Dataset excerpt:
· · · ·

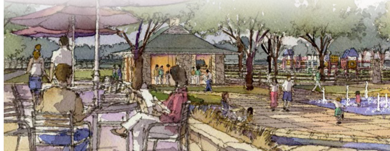
Whitehouse Parks & Recreation Master Plan
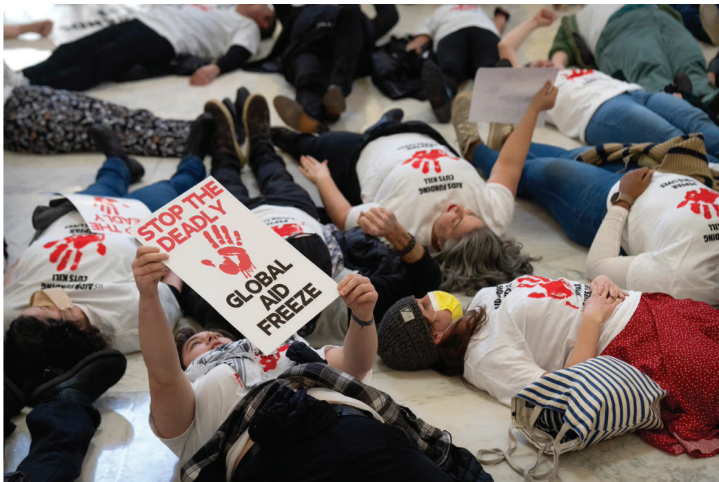
A protest against cuts to American foreign aid spending, including USAid and the PEPfar programme to combat HIV/Aids, on Capitol Hill in February.

In 2012, the FDA approved pre-exposure prophylaxis (PrEP), an antiviral drug taken once a day that is highly successful at preventing new HIV infections. While the drug has been a power-
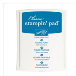
Pacific Point Classic Stampin' Pad - 126951

· · · ·

Activity: Every line between the one containing "A protest against" and the last line of the data above, both included, should be copied exactly, but not the pictures.

Response area:
A protest against cuts to American foreign aid spending, including USAid and the PEPfar programme to combat HIV/Aids, on Capitol Hill in February.

In 2012, the FDA approved pre-exposure prophylaxis (PrEP), an antiviral drug taken once a day that is highly successful at preventing new HIV infections. While the drug has been a power-
Pacific Point Classic Stampin' Pad - 126951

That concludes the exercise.